→ **Material for this exercise**
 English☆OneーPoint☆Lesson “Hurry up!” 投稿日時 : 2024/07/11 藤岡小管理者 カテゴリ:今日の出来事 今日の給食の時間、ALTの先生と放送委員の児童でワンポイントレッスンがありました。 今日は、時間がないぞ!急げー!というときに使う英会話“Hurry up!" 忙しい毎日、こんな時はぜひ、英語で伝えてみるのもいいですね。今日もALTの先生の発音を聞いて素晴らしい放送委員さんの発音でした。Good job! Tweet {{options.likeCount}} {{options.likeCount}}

--

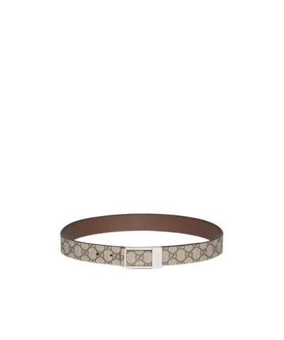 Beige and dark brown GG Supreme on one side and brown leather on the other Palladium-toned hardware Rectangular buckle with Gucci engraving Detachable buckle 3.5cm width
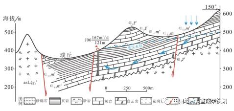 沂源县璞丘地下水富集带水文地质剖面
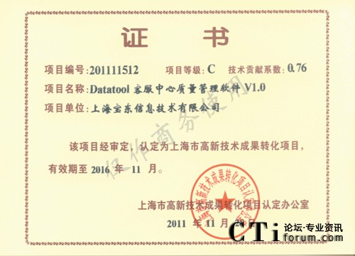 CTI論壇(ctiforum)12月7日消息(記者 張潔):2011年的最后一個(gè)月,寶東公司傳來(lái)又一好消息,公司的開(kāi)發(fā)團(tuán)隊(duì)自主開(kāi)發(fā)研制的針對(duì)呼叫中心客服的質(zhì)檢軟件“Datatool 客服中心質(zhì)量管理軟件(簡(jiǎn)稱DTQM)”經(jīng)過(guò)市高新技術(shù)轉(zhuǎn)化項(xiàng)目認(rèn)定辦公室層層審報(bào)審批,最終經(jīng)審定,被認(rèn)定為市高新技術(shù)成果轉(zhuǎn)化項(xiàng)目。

* * *

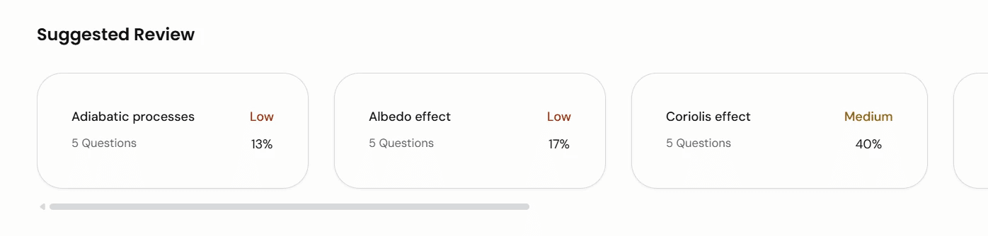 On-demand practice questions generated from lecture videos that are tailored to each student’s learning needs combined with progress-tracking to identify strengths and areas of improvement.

→ **Action item**
Go back to the lines above and output, exactly as they stand, the ones from the line containing "Beige and dark" to the line containing "沂源县璞丘地下水富集带水文地质剖面". Leave all pictures behind.

→ **Result of this task**
 Beige and dark brown GG Supreme on one side and brown leather on the other Palladium-toned hardware Rectangular buckle with Gucci engraving Detachable buckle 3.5cm width
 沂源县璞丘地下水富集带水文地质剖面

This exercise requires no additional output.